Cancun Meeting OKs Green Climate Fund to Help Poor Countries Reduce Carbon Emissions

Greenpeace activists hold images of world landmarks submerged Wednesday in the water off Cancun, where the United Nations Climate Change Conference is being held.

Greenpeace activists hold images of world landmarks submerged Wednesday in the water off Cancun, where the United Nations Climate Change Conference is being held.  (AP Photo/Eduardo Verdugo)

(AP)  A U.N. conference on Saturday adopted a modest climate deal creating a fund to help the developing world go green, though it deferred for another year the tough work of carving out deeper reductions in carbon emissions causing Earth to steadily warm.



Though the accords were limited, it was the first time in three years the 193-nation conference adopted any climate action, restoring faith in the unwieldy U.N. process after the letdown a year ago at a much-anticipated summit in Copenhagen.



After debating into the early hours, the conference overrode a lone objection by Bolivia, which argued the plan did not do enough to do enough combat climate change.



The Cancun Agreements created institutions for delivering technology and funding to poorer countries, though they did not say where the funding would come from.



COP 16 Climate Change Conference, Cancun



In urging industrial countries to move faster on emissions cuts, it "recognized" the goal recommended by scientists to reduce greenhouse gas emissions from industrial countries by 25 to 40 per cent from 1990 levels within the next 10 years. Current pledges amount to about 16 percent.



Mexican President Felipe Calderon, in a 4 a.m. speech, declared the conference "a thoroughgoing success," after two separate agreements were passed. The agreements shattered "the inertia of mistrust" that had settled over the frustrated efforts for a broad climate treaty, he said.



One of the agreements renewed a framework for cutting greenhouse gas emissions but set no new targets for industrial countries. The second created a financial and technical support system for developing countries facing grave threats from global warming.



Foreign Secretary Patricia Espinosa, the conference president, gaveled the deal through early Saturday over the objections of Bolivia's delegate, who said it was so weak it would endanger the planet.



Decisions at the U.N. climate talks are typically made by consensus, but Espinosa said consensus doesn't "mean that one country has the right to veto" decisions supported by everyone else.



The accord establishes a multibillion dollar annual Green Climate Fund to help developing countries cope with climate change, though it doesn't say how the fund's money is to be raised. Last year in Copenhagen governments agreed to mobilize $100 billion a year for developing countries, starting in 2020, much of which will be handled by the fund.

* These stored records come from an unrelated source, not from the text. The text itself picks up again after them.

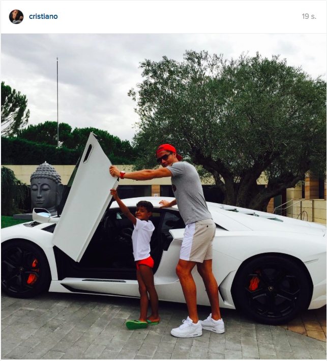 Tidligere i dag smed vi et billede op, hvor Cristiano Ronaldo poserede foran sin Rolls Royce Phantom, hvilket du kan se her. Nu har han så smidt et andet billede op, hvor han og sønnike poserer foran hans lækre Lamborghini Aventador, der koster over 2 millioner.
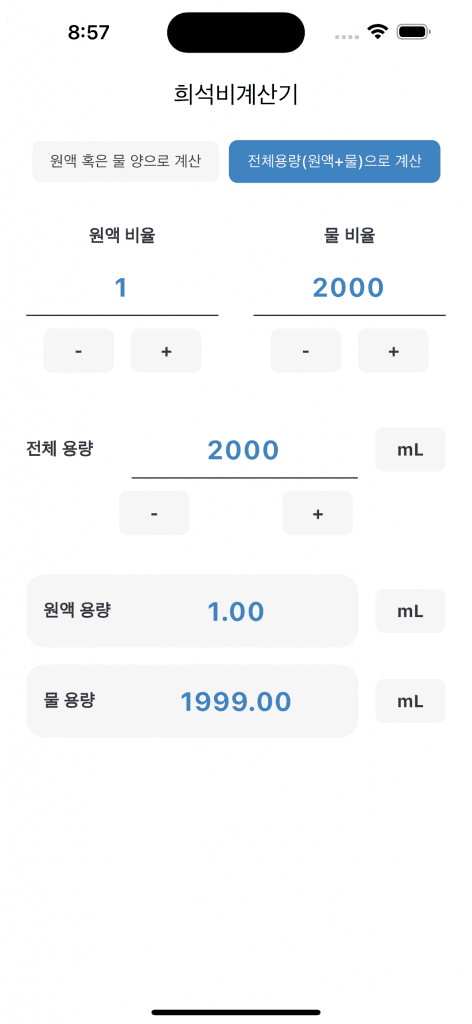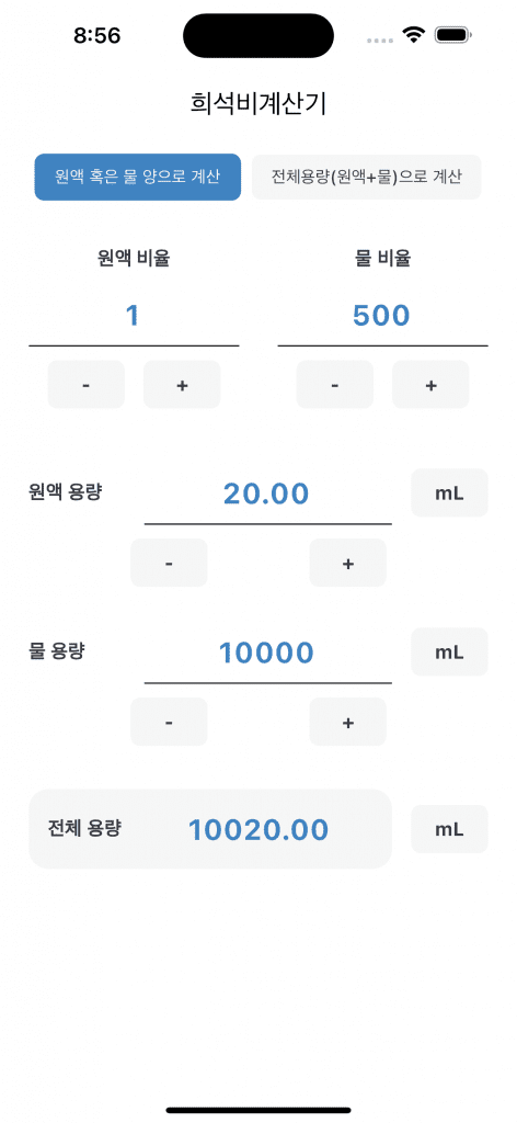 - 앱에서 ‘원액 혹은 물의 양으로 계산’ 선택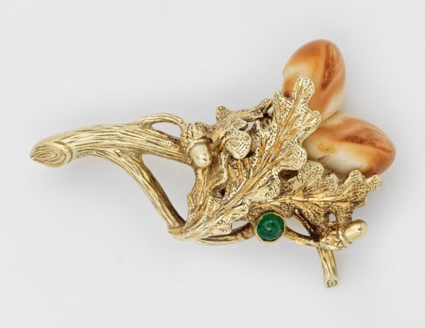 Gelbgold, 14 ct.; Reliefplastisch gefertigtes Eichelblatt, besetzt mit 2 Grandeln und kleinem Smaragdcabochon. Gew. 7,46 g.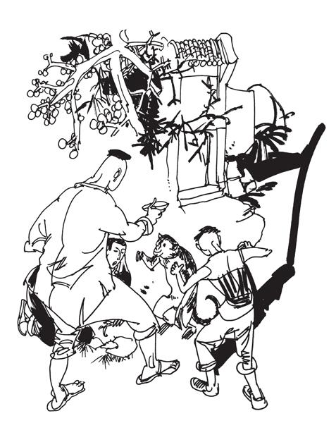 村民们突然从四面八方冲出来,高声叫着,敲打着脸盆、锣鼓,挥舞着扁担、铁叉。猴子们慌了神,想往回逃,路被堵上了,只得往村子另一头跑。

The agreements also set rules for internationally funded forest conservation, and provides for climate-friendly technology to expanding economies.



Espinosa won repeated standing ovations from a packed conference hall for her deft handling of bickering countries and for drafting an acceptable deal that fully satisfied no one.

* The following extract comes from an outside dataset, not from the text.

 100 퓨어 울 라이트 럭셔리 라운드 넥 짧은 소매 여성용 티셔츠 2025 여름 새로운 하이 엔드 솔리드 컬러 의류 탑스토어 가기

Environmentalists cautiously welcomed the deal.



It "wasn't enough to save the climate," said Alden Meyer of the Washington-based Union of Concerned Scientists. "But it did restore the credibility of the United Nations as a forum where progress can be made."



The Cancun deal finessed disputes between industrial and developing countries on future emissions cuts and incorporates voluntary reduction pledges attached to the Copenhagen Accord that emerged from last year's climate summit in the Danish capital.

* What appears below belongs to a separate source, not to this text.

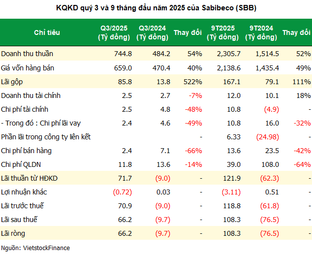 Trong quý 3/2025, doanh thu Sabibeco tăng 54% so với cùng kỳ, đạt gần 745 tỷ đồng. Riêng doanh thu từ công ty mẹ – Sabeco chiếm tới 90%, tương đương hơn 671 tỷ đồng. Biên lãi gộp cải thiện mạnh, đạt 11.5%, thay vì 2.5% cùng kỳ.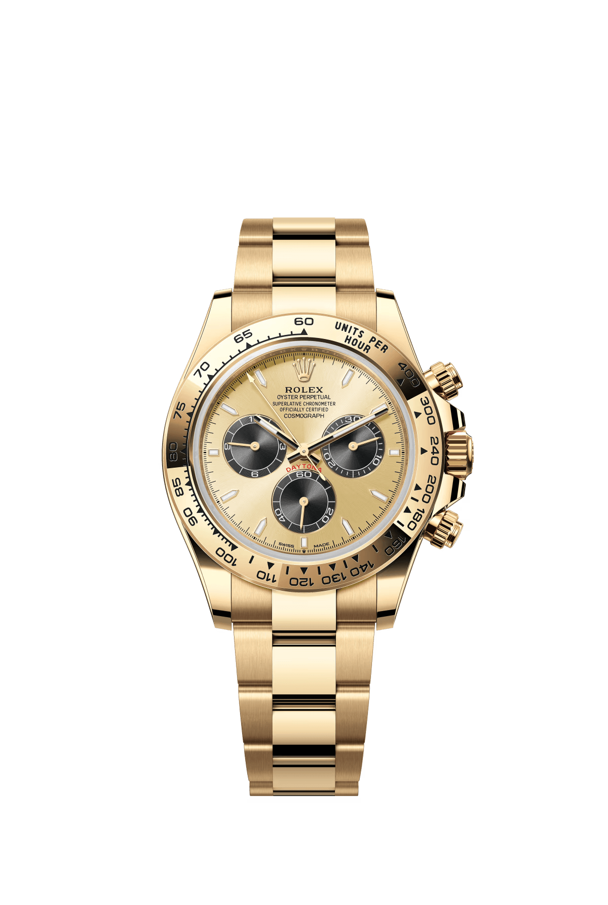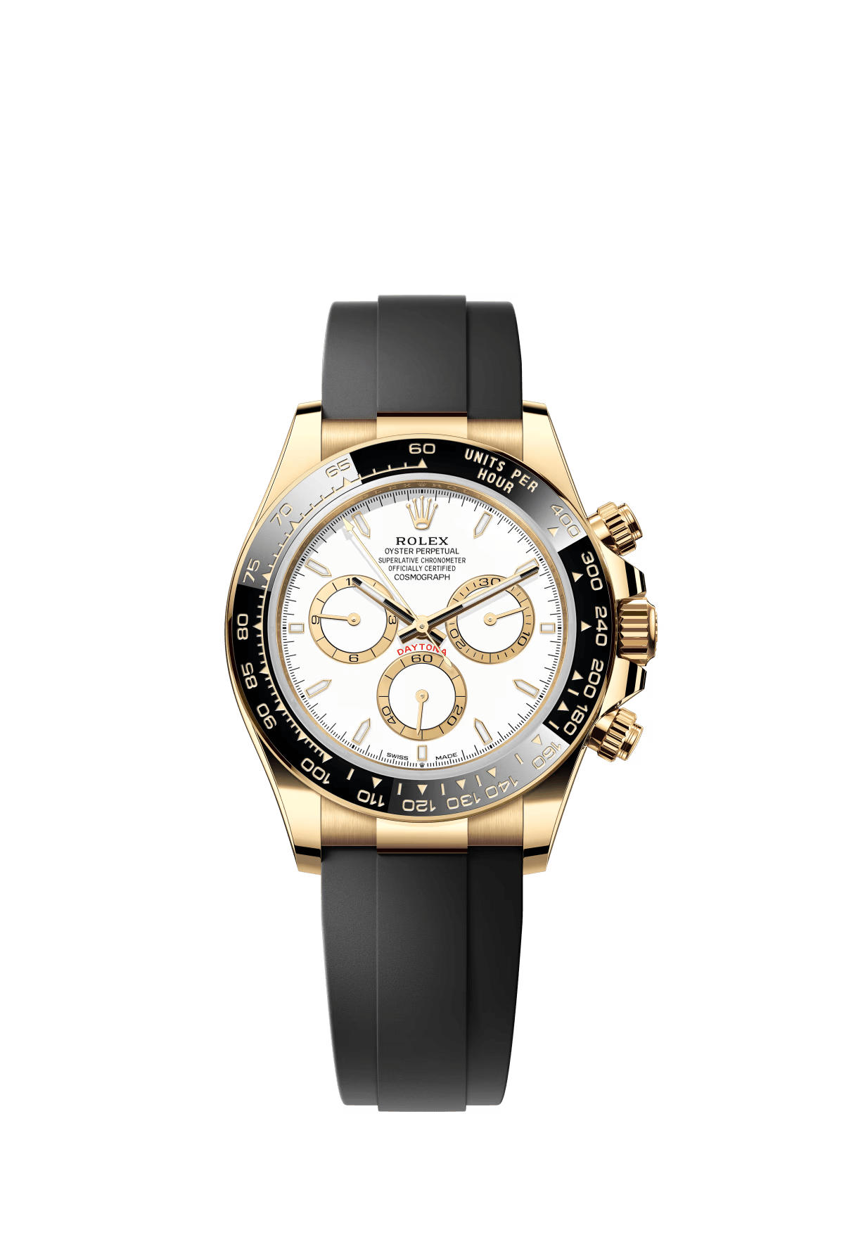 The Oyster Perpetual Cosmograph Daytona in 18 ct yellow gold with a white dial and contrasting counters. The watch is fitted with an Oyster bracelet and an 18-carat yellow gold bezel engraved with a tachymeter. -m126508-0001 40mm

It struck a skillful compromise between the U.S. and China, which had been at loggerheads throughout the two week conclave on methods for monitoring and verifying actions to curtail greenhouse gases.



"What we have now is a text that, while not perfect, is certainly a good basis for moving forward," said chief U.S. negotiator Todd Stern. His Chinese counterpart, Xie Zhenhua, sounded a similar note and added, "The negotiations in the future will continue to be difficult."



The accord "goes beyond what we expected when we came here," said Wendel Trio of the Greenpeace environmental group.



Underscoring what's at stake in the long-running climate talks, NASA reported that the January-November 2010 global temperatures were the warmest in the 131-year record. Its data indicated the year would likely end as the warmest on record, or tied with 2005 as the warmest.



The U.N.'s top climate science body has said such swift and deep reductions are required to keep temperatures from rising more than 2 degrees Celsius (3.8 F) above preindustrial levels, which could trigger catastrophic climate impacts.



Solon protested that the weak pledges of the Copenhagen Accord condemned the Earth to temperature increases of up to 4 degrees Celsius (7.2 F), which was tantamount to "ecocide" that could cost millions of lives.



He also complained that the text was being railroaded over his protests in violation of the U.N.'s consensus rules.



In the 1992 U.N. climate treaty, the world's nations promised to do their best to rein in carbon dioxide and other heat-trapping gases emitted by industry, transportation and agriculture. In the two decades since, the annual conferences' only big advance came in 1997 in Kyoto, Japan, when parties agreed on modest mandatory reductions by richer nations.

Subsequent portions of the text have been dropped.